◆ WHAT NEEDS TO BE DONE: From the records below, transcribe exactly the lines that begin at the line with "Vodnjanska je Uljara" and end at the line with "czytamy w komunikacie.", both included.

◆ SOURCE RECORDS:
--------

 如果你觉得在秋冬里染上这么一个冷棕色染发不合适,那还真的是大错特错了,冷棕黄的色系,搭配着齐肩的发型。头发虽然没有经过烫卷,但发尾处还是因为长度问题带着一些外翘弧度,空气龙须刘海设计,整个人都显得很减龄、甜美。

--------

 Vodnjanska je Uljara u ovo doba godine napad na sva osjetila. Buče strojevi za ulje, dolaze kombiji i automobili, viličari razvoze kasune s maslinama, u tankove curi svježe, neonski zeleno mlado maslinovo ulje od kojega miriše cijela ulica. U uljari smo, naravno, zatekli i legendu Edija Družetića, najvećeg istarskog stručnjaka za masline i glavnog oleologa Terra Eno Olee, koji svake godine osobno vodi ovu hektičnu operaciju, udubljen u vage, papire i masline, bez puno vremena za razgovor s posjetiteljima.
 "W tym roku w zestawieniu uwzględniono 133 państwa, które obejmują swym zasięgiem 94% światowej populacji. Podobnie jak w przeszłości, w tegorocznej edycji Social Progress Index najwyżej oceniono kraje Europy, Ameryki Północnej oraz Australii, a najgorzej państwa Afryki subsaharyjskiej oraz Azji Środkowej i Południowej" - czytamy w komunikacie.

--------

◆ TASK OUTPUT:
 Vodnjanska je Uljara u ovo doba godine napad na sva osjetila. Buče strojevi za ulje, dolaze kombiji i automobili, viličari razvoze kasune s maslinama, u tankove curi svježe, neonski zeleno mlado maslinovo ulje od kojega miriše cijela ulica. U uljari smo, naravno, zatekli i legendu Edija Družetića, najvećeg istarskog stručnjaka za masline i glavnog oleologa Terra Eno Olee, koji svake godine osobno vodi ovu hektičnu operaciju, udubljen u vage, papire i masline, bez puno vremena za razgovor s posjetiteljima.
 "W tym roku w zestawieniu uwzględniono 133 państwa, które obejmują swym zasięgiem 94% światowej populacji. Podobnie jak w przeszłości, w tegorocznej edycji Social Progress Index najwyżej oceniono kraje Europy, Ameryki Północnej oraz Australii, a najgorzej państwa Afryki subsaharyjskiej oraz Azji Środkowej i Południowej" - czytamy w komunikacie.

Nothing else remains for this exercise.